* [MATERIAL PROVIDED]:

········

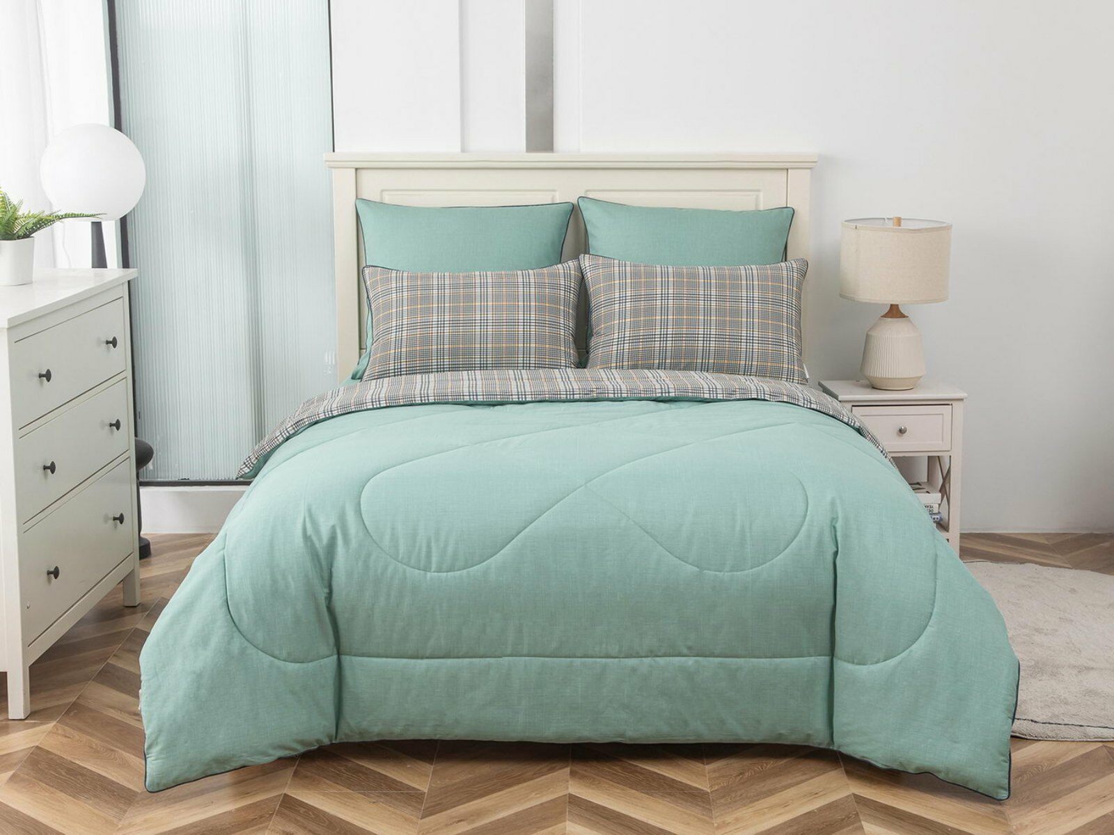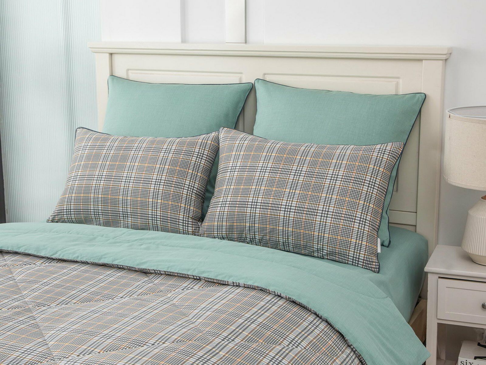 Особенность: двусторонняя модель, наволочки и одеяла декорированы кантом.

········

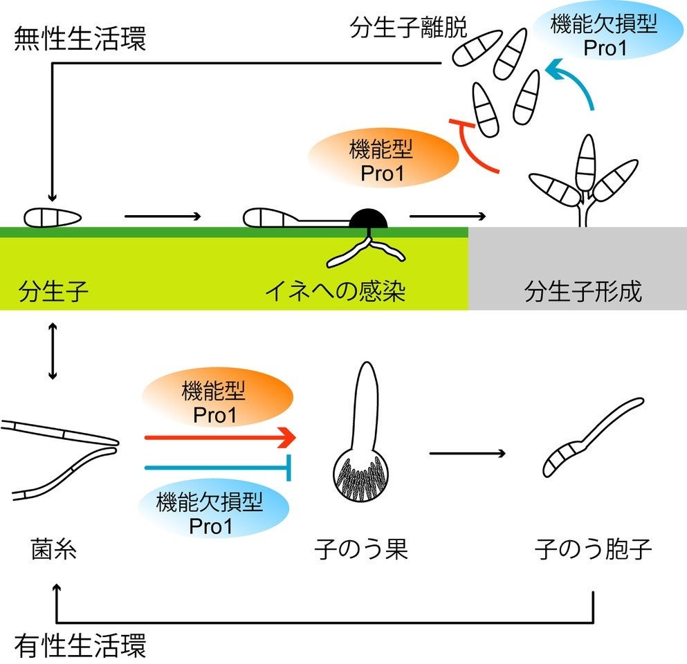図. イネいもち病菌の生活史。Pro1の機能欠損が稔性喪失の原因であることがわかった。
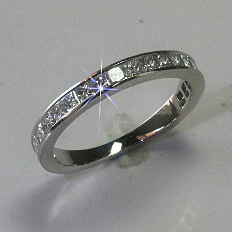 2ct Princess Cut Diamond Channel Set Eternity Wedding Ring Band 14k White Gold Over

········

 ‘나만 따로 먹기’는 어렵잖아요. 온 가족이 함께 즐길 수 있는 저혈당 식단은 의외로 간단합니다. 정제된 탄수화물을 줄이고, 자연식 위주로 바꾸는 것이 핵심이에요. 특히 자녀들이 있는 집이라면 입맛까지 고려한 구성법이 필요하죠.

········

* [WORK REQUEST]: Please output, exactly as written, the lines above from the one holding "図. イネいもち病菌の生活史" through the one holding "2ct Princess Cut", both included, with the pictures omitted.

* [SOLUTION TO THE PROBLEM]:
図. イネいもち病菌の生活史。Pro1の機能欠損が稔性喪失の原因であることがわかった。
 2ct Princess Cut Diamond Channel Set Eternity Wedding Ring Band 14k White Gold Over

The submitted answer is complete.